The results of operations of the Company are dependent upon the results of
operations of each of its subsidiaries and majority owned partnerships operating
in the Company's individual business segments. Set forth below is a discussion
of the results of operations of each of these segments.
9
<PAGE>
MEDICAL DEVICE AND SURGICAL/SAFETY DISPOSABLES SEGMENT
MARQUEST MEDICAL PRODUCTS, INC. Sales of the Company's 40% owned subsidiary,
Marquest Medical Products, Inc. ("Marquest"), increased 13% to $5,193,000 for
the second quarter of fiscal 1996 from $4,597,000 during the same period in
fiscal 1995 and Marquest's net sales increased 10% to $10,477,000 for the six
months ended September 30, 1995 from $9,496,000 during the same period in fiscal
1995. Marquest's sales in the first half of fiscal 1995 were lower than in
fiscal 1996 due to a decline in sales to hospitals which Marquest believes was
due primarily to the uncertainties of healthcare reform. Also, many of
Marquest's distributors purchased high levels of product during the fourth
quarter of fiscal 1994 which depressed Marquest's sales in the first quarter of
fiscal 1995.
Marquest reported operating income of $149,000 in the second quarter of
fiscal 1996 compared to an operating loss of $814,000 in the same quarter of
fiscal 1995 and operating income of $104,000 for the six months ended
September 30, 1995 compared to an operating loss of $1,694,000 during the
same period in fiscal 1995. The operating improvements are a result of the
increase in sales discussed above combined with an emphasis on cost
reduction. Marquest reduced manufacturing costs and administrative expenses
by reductions in personnel, improved operational efficiencies and increased
vertical integration of the manufacturing processes. Primarily, as a result
of these measures, Marquest reduced its cost of sales from 77% of net sales
for the six months ended September 30, 1994 to 69% for the same period in
fiscal 1996 and Marquest reduced its selling, general and administrative
expenses from 40% of net sales for the six months ended September 30, 1994 to
30% for the same period in fiscal 1996.
CUSTOM MEDICAL PRODUCTS. Scherer Healthcare, Ltd., which is a majority owned
partnership of the Company conducting business under the name Custom Medical
Products ("Custom Medical"), experienced a 14% increase in sales to $3,310,000
in the second quarter of fiscal 1996 from $2,909,000 in the second quarter of
fiscal 1995. This increase was primarily attributable to increased sales of its
surgical disposable trays to Cordis Corporation ("Cordis"). During the second
quarter of fiscal 1996, Custom Medical entered into an agreement with Cordis
which, among other things, required Cordis to purchase all finished surgical
disposable trays as determined by a physical inventory taken on August 5, 1995.

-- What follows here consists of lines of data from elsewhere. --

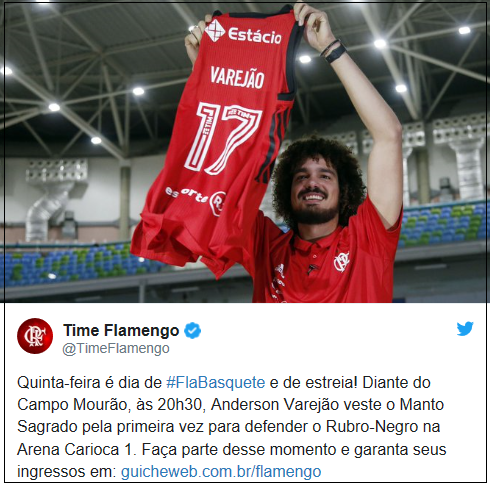 O pivô Anderson Varejão, de 35 anos, vai estrear no Flamengo nesta quinta-feira (20h30), em jogo contra Campo Mourão, no Rio de Janeiro. O anúncio foi feito pelo clube carioca no Twitter. Varejão vem de 14 temporadas na NBA, com passagens por Cleveland Cavaliers, Golden State Warriors e Toronto Raptors, Também jogou duas temporadas pelo Barcelona, da Espanha.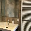 Das Badezimmer, welches sich im Erdgeschoss befindet, verfügt über eine Dusche, einem Waschbecken und einem Wc. Direkt neben dem Badezimmer befindet sich das Schlafzimmer (ebenfalls Erdgeschoss). Von der Küche aus gibt es eine Türe zum Garten. Im eingezäunten Garten befindet sich eine große Gartengarnitur.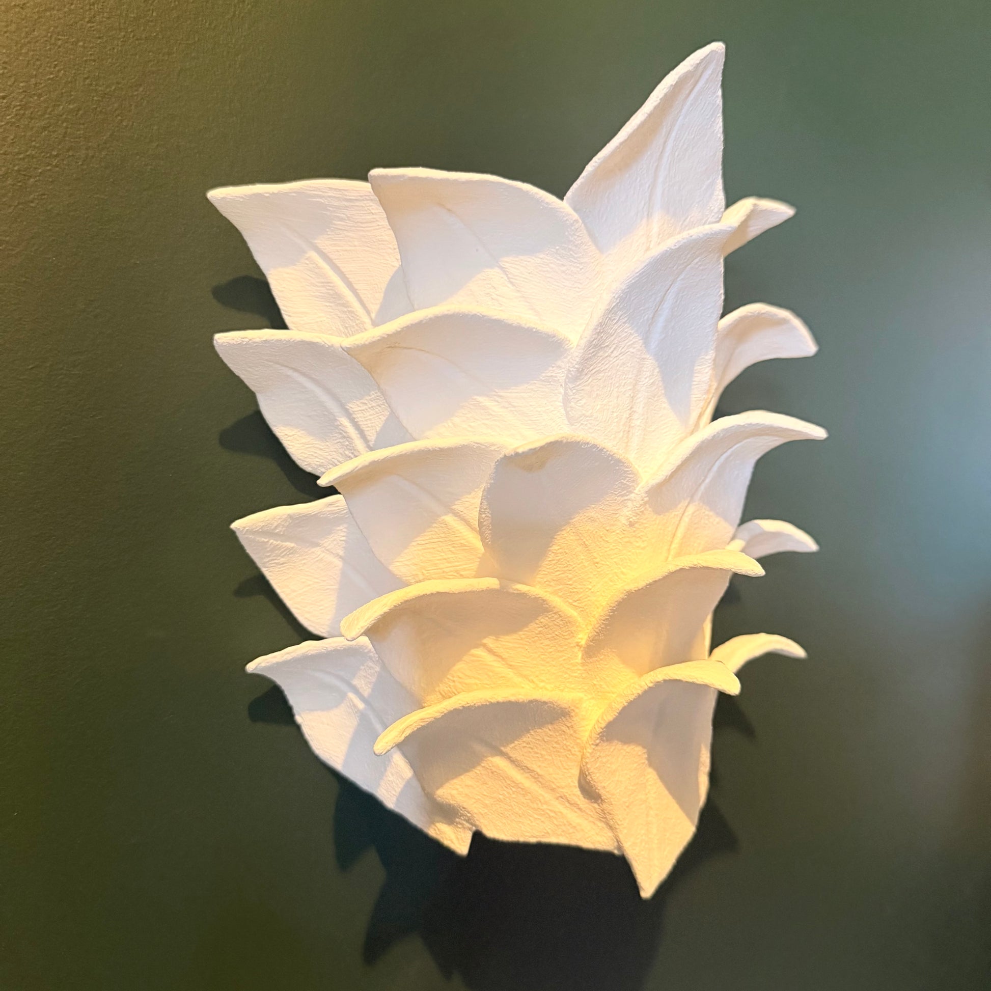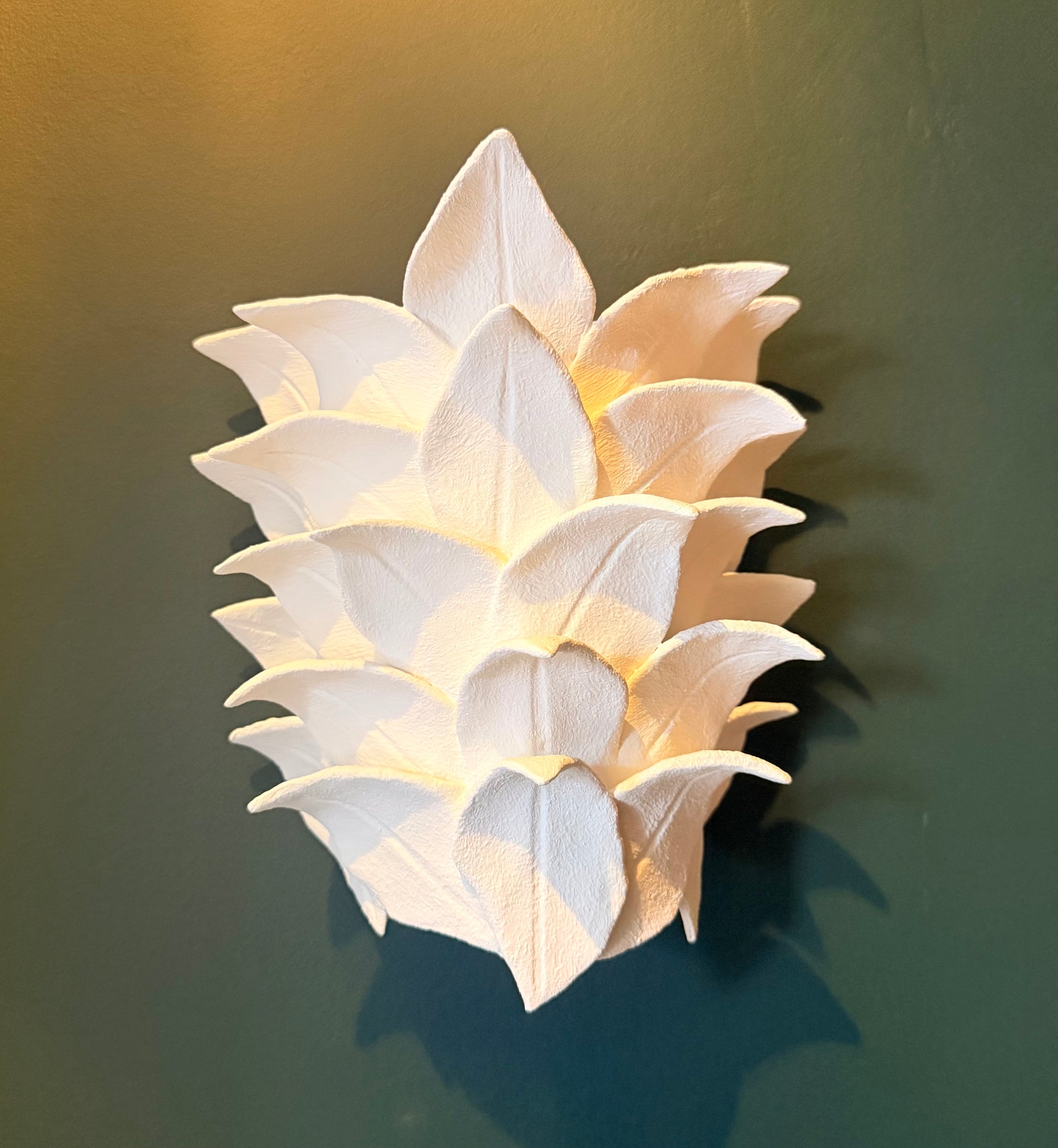 Une applique murale d’exception, sculptée en céramique et ornée de feuilles délicates. Chaque détail est peint à la main à la chaux, offrant une finition douce et lumineuse. Non électrifiée, elle se fixe simplement contre le mur, laissant l’ampoule cachée derrière diffuser une lumière subtile. Une pièce artisanale, poétique, qui sublimera vos espaces

In addition to the purchase of the finished trays, Cordis agreed to a 10%
increase in the price of the trays.
For the six months ended September 30, 1995, Custom Medical's net sales
increased 13% to $6,453,000 from $5,690,000 during the same period in fiscal
1995. This sales growth can be attributed to the increase in the sales of its
surgical disposable trays during the second quarter and to an increase in sales
(approximately $436,000) of its disposable specialty apparel, which is sold to
the industrial and clean room markets, during the first six months of fiscal
1996 compared to the first six months of fiscal 1995. The increase in the sales
of the disposable specialty apparel is primarily due to the introduction of two
new fabric lines.
Custom Medical's operating loss decreased to $41,000 during the second quarter
of fiscal 1996 from $93,000 during the second quarter of fiscal 1995; however,
for the six months ended September 30, 1995, Custom Medical reported operating
income of $95,000 compared to an operating loss of $157,000 for the same period
in fiscal 1995. The agreement that Custom Medical entered into with Cordis,
effective April 1, 1995, required Cordis to reimburse Custom Medical a monthly
shortfall amount ($52,500 per month for the period from April to July 1995 and
$42,500 for the months of August and September 1995) to help offset monthly
losses incurred under the contract with Cordis to assemble surgical disposable
trays. Custom Medical experienced substantial losses under its surgical trays
contract with Cordis during the first six months of fiscal 1995.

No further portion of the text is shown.